例えば、全がん協加盟施設の生存率協同調査(※1)によれば、肝臓癌の5年生存率は35.3%、10年生存率は14.6%です。5年生存率と10年生存率の数値(※2)に大きな差があることから、肝臓癌の場合は診断後5年を、経過したあとも再発・転移してしまう患者さんが多いと考えられます。
ただし、生存率が高いことは、必ずしも再発しにくいことを指すわけではありません。生存率は「癌が完治した人」の割合ではなく、あくまでも「生存している人」の割合であり、再発・転移を起こして治療中の人も、存命であればカウントされるのです。
生存率が高いとされる癌で再発・転移を起こすこともあれば、生存率が低い癌と診断されても、治療が奏功し、良好な予後を過ごせることもあります。生存率の数値はあくまでも目安ととらえて、参考にすることが大切です。
癌の再発リスクは、がん種や治療法、さらには患者個々の生物学的背景によって大きく異なります。しかし、共通して示される情報として以下のポイントが挙げられます。
ほとんどの癌において、治療後最初の2年間は再発リスクが非常に高い時期です。
非小細胞肺癌や大腸癌など多くのがんで、治療完了後2〜3年以内に局所再発や遠隔転移が認められる事例が多く報告されています。
これは、手術や抗がん剤治療で目に見える腫瘍は縮小または除去されたものの、微小な残存癌細胞が残っているケースが多いためです。
治療後5年間再発が見られなければ、以降の再発リスクが大幅に低下すると考えられています。
胃癌や大腸癌などでは、治療後5年を経過すると再発リスクが劇的に減少することが示されています。
ただし、乳癌など一部のがん種では5年以降も再発リスクが残るため、長期にわたるフォローアップが必要です。

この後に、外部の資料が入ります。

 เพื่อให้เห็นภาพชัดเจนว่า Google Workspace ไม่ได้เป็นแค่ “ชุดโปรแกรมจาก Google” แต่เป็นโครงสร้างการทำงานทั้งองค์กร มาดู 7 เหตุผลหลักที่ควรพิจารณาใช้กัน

癌治療後も目に見えない微小な癌細胞が体内に残存することがあり、これが時間をかけて再増殖するのが再発の主要な原因です。
癌細胞は一時的に休眠し、免疫や細胞周期の影響で活動を停止することがありますが、外的刺激により再活性化し再発します。
がん細胞はPD-L1の発現などにより免疫逃避し、抗がん剤耐性を獲得することで治療後の再発が起こりやすくなります。

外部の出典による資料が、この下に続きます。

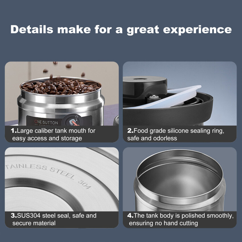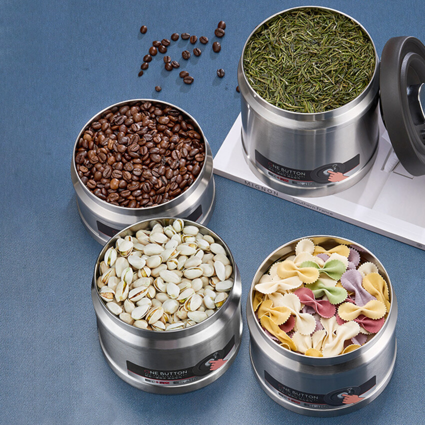 Vacuum Coffee Beans Storage Bottles Stainless Steel 750/1100/1600ML Creative Sealed Tank Food Grains Container Tea

慢性炎症や低酸素状態など、腫瘍周囲の環境が再発を促す重要な因子となります。
定義: 原発巣または直近部位に同じがんが再発。
特徴: 再手術や局所放射線治療が可能。早期発見で治癒も期待される。
定義: 原発周囲のリンパ節や隣接臓器に再発。
特徴: 外科的対応も可能だが、再発範囲が広がると全身治療が必要。
定義: 血流やリンパを通じて遠隔臓器へ転移。
特徴: 化学療法、免疫療法、分子標的薬などの全身治療が主体。
癌の再発については、治療後の初期(特に2年以内)にリスクがピークに達し、その後5年を経過すれば再発リスクは大幅に低下するという共通の見解があります。
しかし、乳癌など一部のがん種では5年以降も再発リスクが残るため、長期にわたる個別化されたフォローアップが必要です。
また、再発のメカニズムは、微小転移、休眠細胞の再活性化、免疫逃避、耐性獲得、そして腫瘍微小環境の影響など、複雑な生物学的要因が絡んでいます。
再発は局所再発、領域再発、遠隔再発(転移再発)、および再燃として分類され、各カテゴリに応じた治療戦略が求められます。
再発の早期発見にはCTやMRI、PET-CTなどの画像検査、腫瘍マーカーの定期測定、そして新しい検査技術である液体生検が活用され、個別のフォローアップ計画が多職種連携のもとで構築されることが望ましいです。